* _What is being asked_: What is needed is an exact copy of the lines from the one containing "Лек и удобен" through the last line of the records below, with no pictures.

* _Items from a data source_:

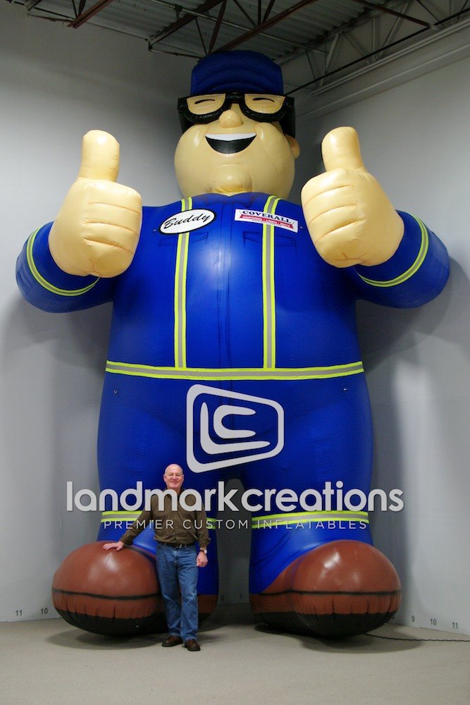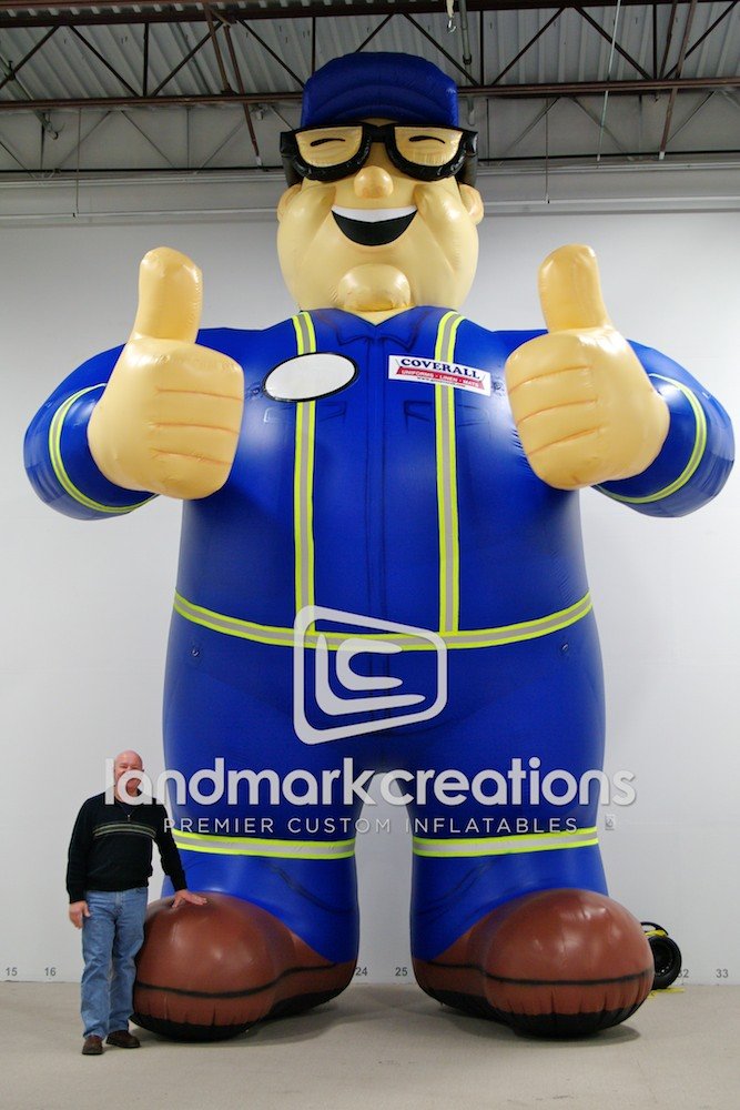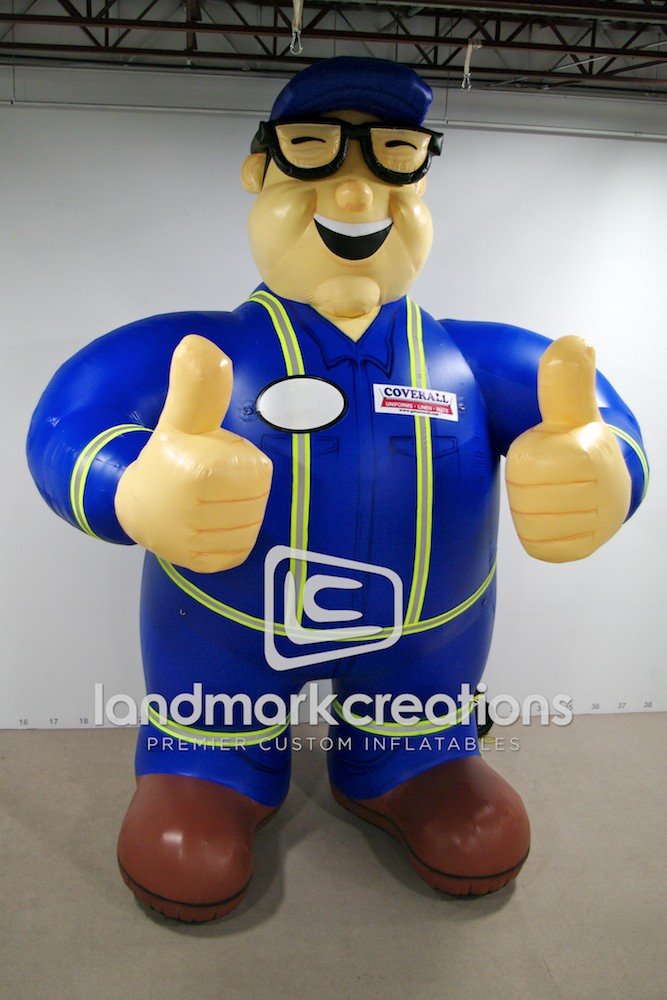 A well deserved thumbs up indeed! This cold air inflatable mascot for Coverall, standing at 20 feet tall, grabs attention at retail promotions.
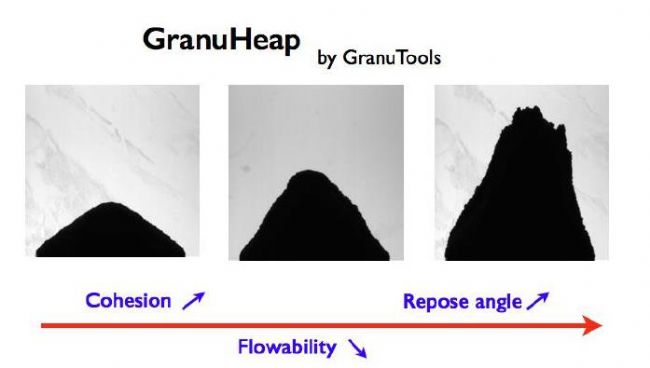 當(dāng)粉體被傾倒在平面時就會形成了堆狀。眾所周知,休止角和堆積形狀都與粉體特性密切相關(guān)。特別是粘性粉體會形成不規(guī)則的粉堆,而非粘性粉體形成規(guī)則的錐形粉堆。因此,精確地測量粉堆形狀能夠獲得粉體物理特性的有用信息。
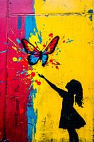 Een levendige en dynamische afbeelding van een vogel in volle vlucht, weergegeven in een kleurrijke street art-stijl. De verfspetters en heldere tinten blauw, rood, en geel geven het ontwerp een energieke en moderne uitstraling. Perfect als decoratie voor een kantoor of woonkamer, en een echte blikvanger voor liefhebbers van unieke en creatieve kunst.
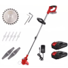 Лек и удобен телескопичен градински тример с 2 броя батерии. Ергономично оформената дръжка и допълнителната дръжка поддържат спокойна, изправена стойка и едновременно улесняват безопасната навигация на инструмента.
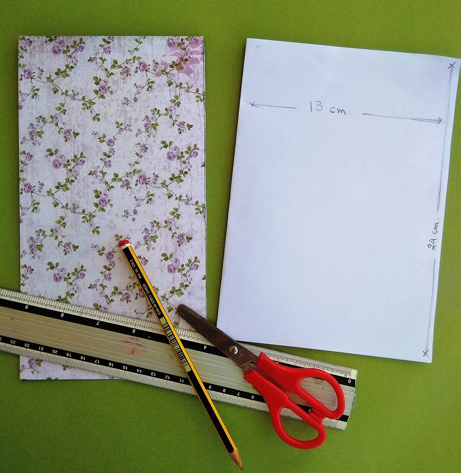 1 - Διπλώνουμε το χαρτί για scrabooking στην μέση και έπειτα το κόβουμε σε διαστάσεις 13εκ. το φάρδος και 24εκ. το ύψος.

* _Reply_:
 Лек и удобен телескопичен градински тример с 2 броя батерии. Ергономично оформената дръжка и допълнителната дръжка поддържат спокойна, изправена стойка и едновременно улесняват безопасната навигация на инструмента.
 1 - Διπλώνουμε το χαρτί για scrabooking στην μέση και έπειτα το κόβουμε σε διαστάσεις 13εκ. το φάρδος και 24εκ. το ύψος.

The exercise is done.